偵察のために遠くへ飛ばした鳥型傀儡と視覚を共有し、自分の目で見ることで把握できることもあるだろうが、現状、それは必須のものではない。
むしろ感覚共有や遠隔操作をしている最中、本体である自分の体が無防備な状態になりそうで怖い。
一度に二つのことができるマルチタスクの能力は、私には無いのだ。
傀儡のことは傀儡に任せて、私は自分の体でできることをしようと思う。
ということで、これもスルー。
●『エキス抽出』
●『エキス調合』
『調理』から派生したもので、素材から特殊効果を持つエキスを抽出し、それを調合することでオリジナルの特殊効果付与ポーションが作成できる。
これは単純に「なんか面白そう!」「やってみたい!」と思った特殊スキル。
しかし取得条件が「スキル『調理』レベル10」と「50,000Eの支払い」で、レベルが2足りない。
もっと料理して『調理』レベル10になったら、お財布と相談して取得したいが、今は保留。

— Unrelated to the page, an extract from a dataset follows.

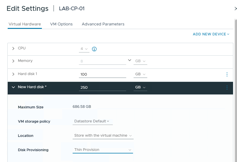 Just to show this, I’ve added a 250GB disk within vCenter (This was done on both the control plane and the worker node):

「これで特殊スキルの確認は終わりか。……さて。Eさえあればすぐ取得したいのは『跳弾』と『天駆』の二つ……。ぬいぐるみに入れるモンスター素材のストックもだいぶ減っちゃったし、Eも稼ぎたいし、そろそろダンジョン行くかな」
ひとまずそれは決定だ。
明日は午前中に攻略途中の、藍市のツインタワー前ゲートのダンジョンへ行くことにする。
そして、うーむ、と腕を組んで悩みつつ、現在のEの所持金額を見つめる。
「どっちか一つなら、今すぐにでも出せるな……。今取得するとしたら、やっぱり『跳弾』だよなぁ……。移動速度アップより、新しい攻撃手段を取得してEを稼ぐほうがいいだろうし」
考えて、これも決定。
(「ナビ。『跳弾』を取得したい」)
「〈はい、Rx。スキル『ライフル』レベル10、達成を確認。取得可能な特殊スキルです。50,000Eの支払いで取得が完了します。支払いますか?〉」
目の前にテキストボックスが浮かび、「はい」と「いいえ」のボタンが表示される。
私は「はい」を押した。
「〈50,000Eが支払われました。特殊スキル『跳弾』取得、完了です〉」
(「ん。ありがと」)
ステータス画面でさっそくチェック。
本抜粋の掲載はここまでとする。